Именно повесть стала формой передачи широкого, многотрудного характера человека уже не коммунистической формации или идеалов социализма, а человека – со всеми его недостатками, оголённым взглядом на происходящее, на изобличение внутреннего несогласия. В ней, повести, – куда более возможен показ дороги, тянущей сюжет от детства к основному событию. Не устланная, не мощёная, — она подобна тору сквозь непролазные кущи осознаний, переоценок, но чаще – действий по наитию.
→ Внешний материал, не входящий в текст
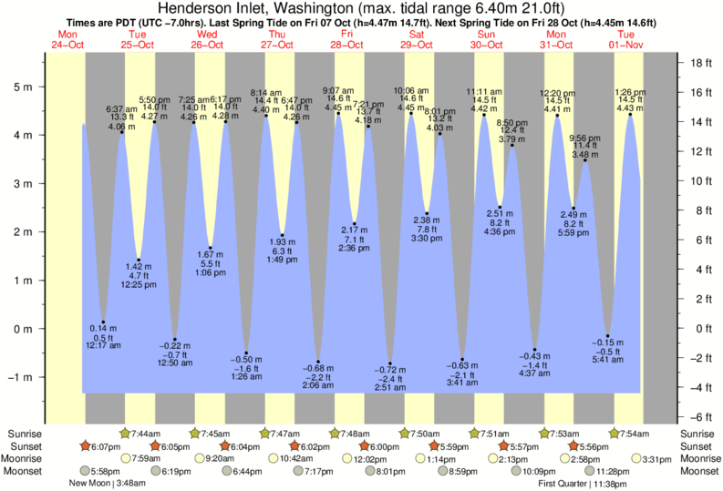Tide Times are PST (UTC -8.0hrs). Last Spring High Tide at Henderson Inlet was on Sun 07 Dec (height: 4.97m 16.3ft). Next high Spring Tide at Henderson Inlet will be on Wed 24 Dec (height: 4.78m 15.7ft).

Характер русского человека – однодневен, он поглощён задачами «сегодняшнего» дня, потому он весь отдаётся работе. Уходит в неё с головой, будь то Башилов («Где сходится небо с холмами»),  или капитан Хабаров («Казённая сказка»), или Иван Африканович  («Привычное дело»). Потому-то, очнувшись, вынырнув из дел своих и забот, он оказывается потерянным, растерявшимся, не знающим, для чего он всё своё «это» делал. Он – единица. Но, к сожалению, типичная, клонированная советской эпохой, единица.  Обозрением будущего занимается его начальник, который тоже зависим от вышестоящего начальства. И он тоже клонированная особь, – исполнитель воли. Но безвольным, подчиняющимся этого героя уже назвать нельзя. Он, исторически, – бунтарь, а идеологически — «совестливый труженик» (О.Павлов «Казённая сказка»).

Рассказ, в противовес повести, может охватить лишь единую деталь человека-единицы. Но время расширило рамки понимания образа. Отчасти это связано с информационной масштабностью. Человек в повести это уже образ, вобравший в себя состояние эпохи. Он — отражение в зеркале эпохи.

В рамках повести удобнее проследить тропинку одинокого человека, приведшую к гранёному стакану, к заросшему сорняком двору, к подъезду, к могиле. Такими  и показаны характеры русского человека XX-го столетия  в ярких произведениях Виктора Астафьева, Василия Белова, Венедикта Ерофеева, Владимира Маканина, Андрея Платонова, Валентина Распутина, Олега Павлова.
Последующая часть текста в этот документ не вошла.